### AVAILABLE RECORDS
++++
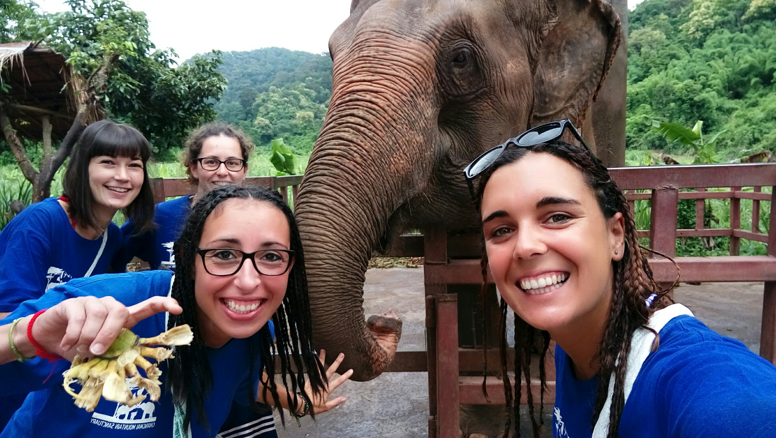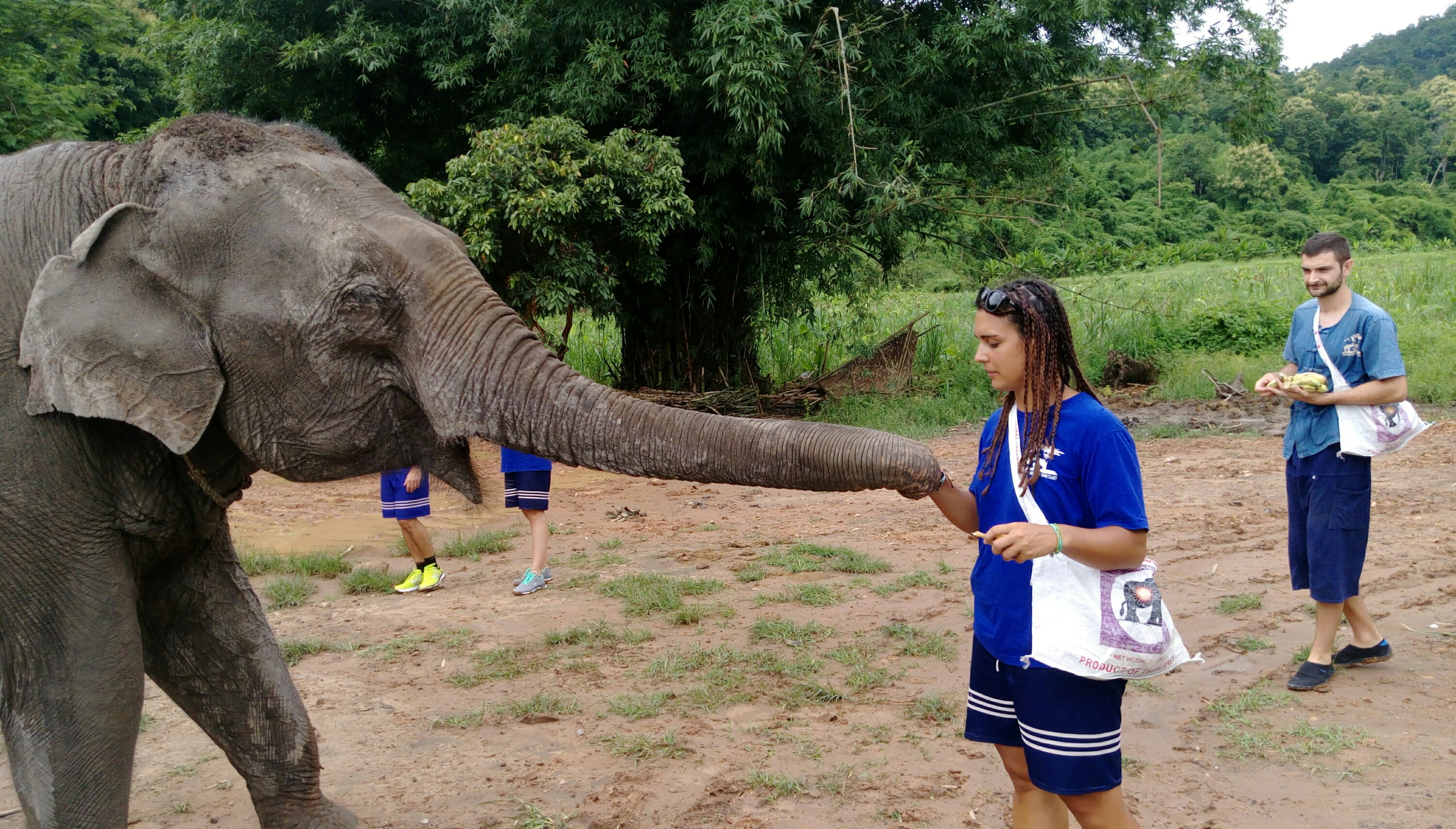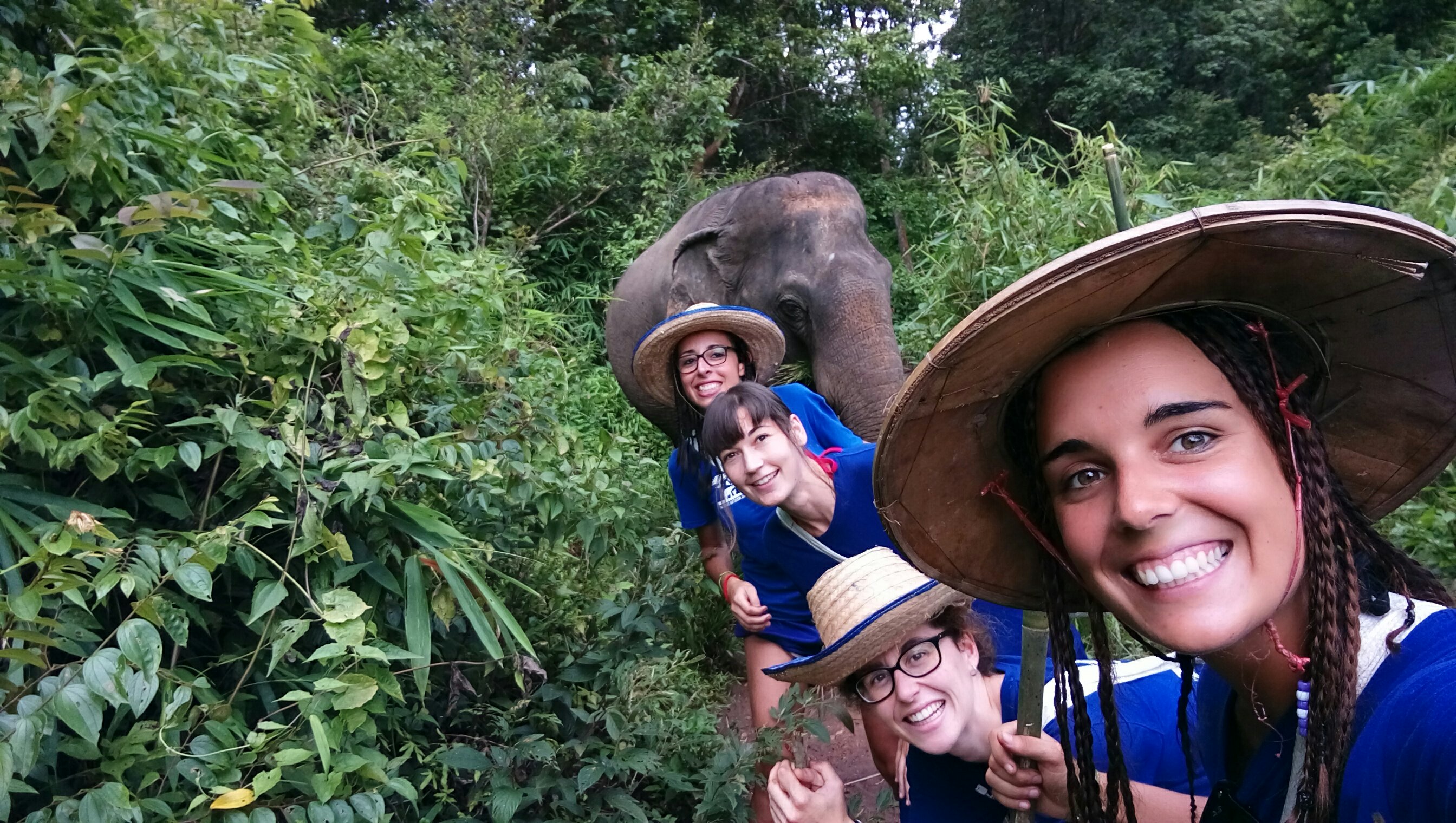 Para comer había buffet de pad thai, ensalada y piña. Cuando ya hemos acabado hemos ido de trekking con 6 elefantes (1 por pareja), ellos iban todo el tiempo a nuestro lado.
++++
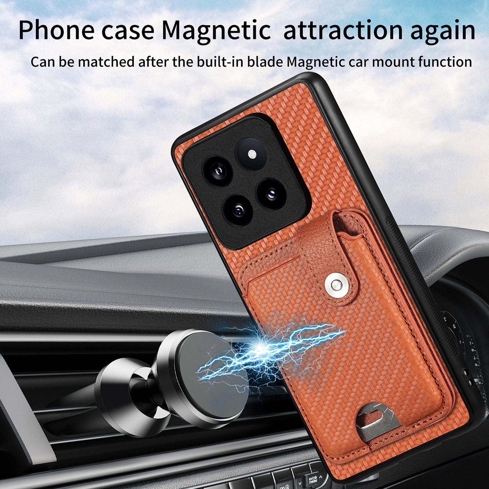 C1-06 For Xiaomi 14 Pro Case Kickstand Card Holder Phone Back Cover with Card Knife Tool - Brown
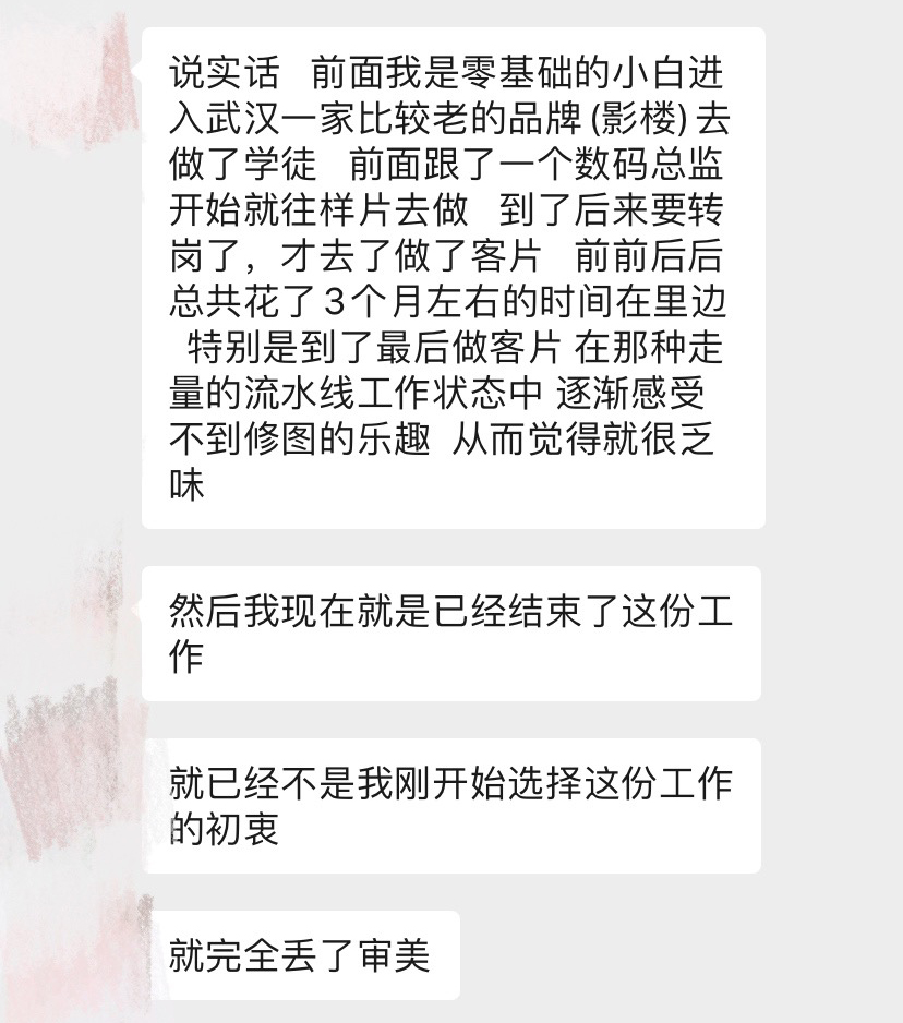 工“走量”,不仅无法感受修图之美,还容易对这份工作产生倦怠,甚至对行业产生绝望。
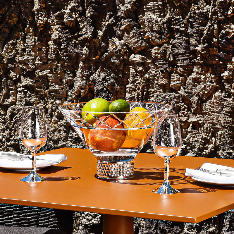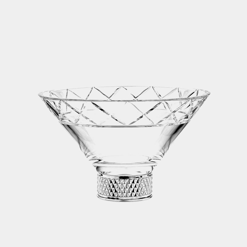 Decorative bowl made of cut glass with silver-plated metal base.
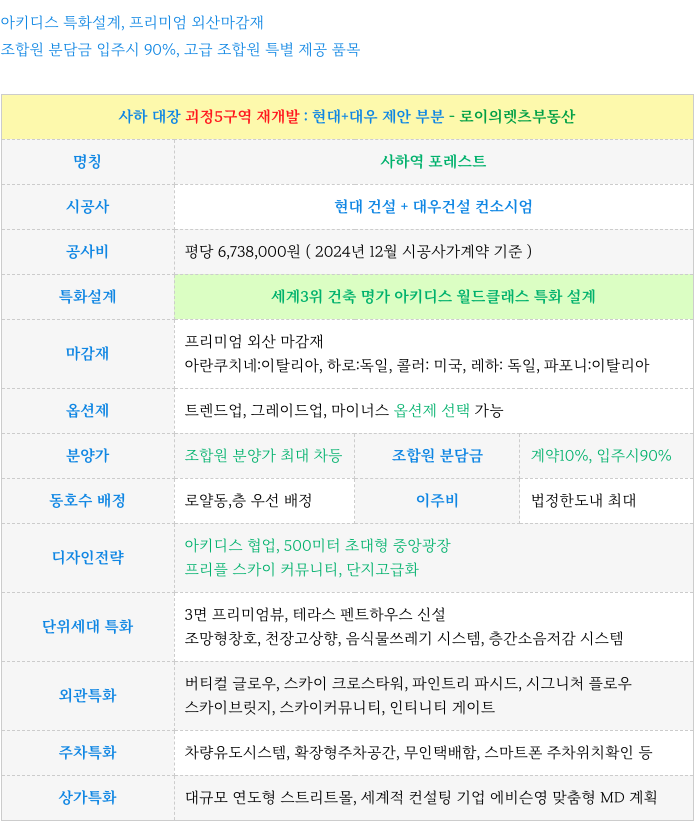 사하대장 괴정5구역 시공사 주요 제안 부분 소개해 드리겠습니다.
++++
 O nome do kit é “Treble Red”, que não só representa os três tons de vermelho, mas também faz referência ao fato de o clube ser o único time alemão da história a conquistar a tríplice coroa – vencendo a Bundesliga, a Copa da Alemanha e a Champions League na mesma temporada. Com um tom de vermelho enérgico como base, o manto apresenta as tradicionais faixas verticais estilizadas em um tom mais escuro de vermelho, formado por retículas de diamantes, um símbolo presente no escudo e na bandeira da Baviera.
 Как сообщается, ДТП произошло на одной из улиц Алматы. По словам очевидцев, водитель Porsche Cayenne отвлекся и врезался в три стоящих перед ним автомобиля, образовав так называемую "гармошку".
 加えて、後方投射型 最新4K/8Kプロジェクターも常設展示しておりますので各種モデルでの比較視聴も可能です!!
++++
### TASK ITEM
Would you print exactly and only the lines of the material above that run from the line with "Как сообщается, ДТП" through the line with "加えて、後方投射型 最新4K", both included?

### RESULT FOR THIS EXERCISE
 Как сообщается, ДТП произошло на одной из улиц Алматы. По словам очевидцев, водитель Porsche Cayenne отвлекся и врезался в три стоящих перед ним автомобиля, образовав так называемую "гармошку".
 加えて、後方投射型 最新4K/8Kプロジェクターも常設展示しておりますので各種モデルでの比較視聴も可能です!!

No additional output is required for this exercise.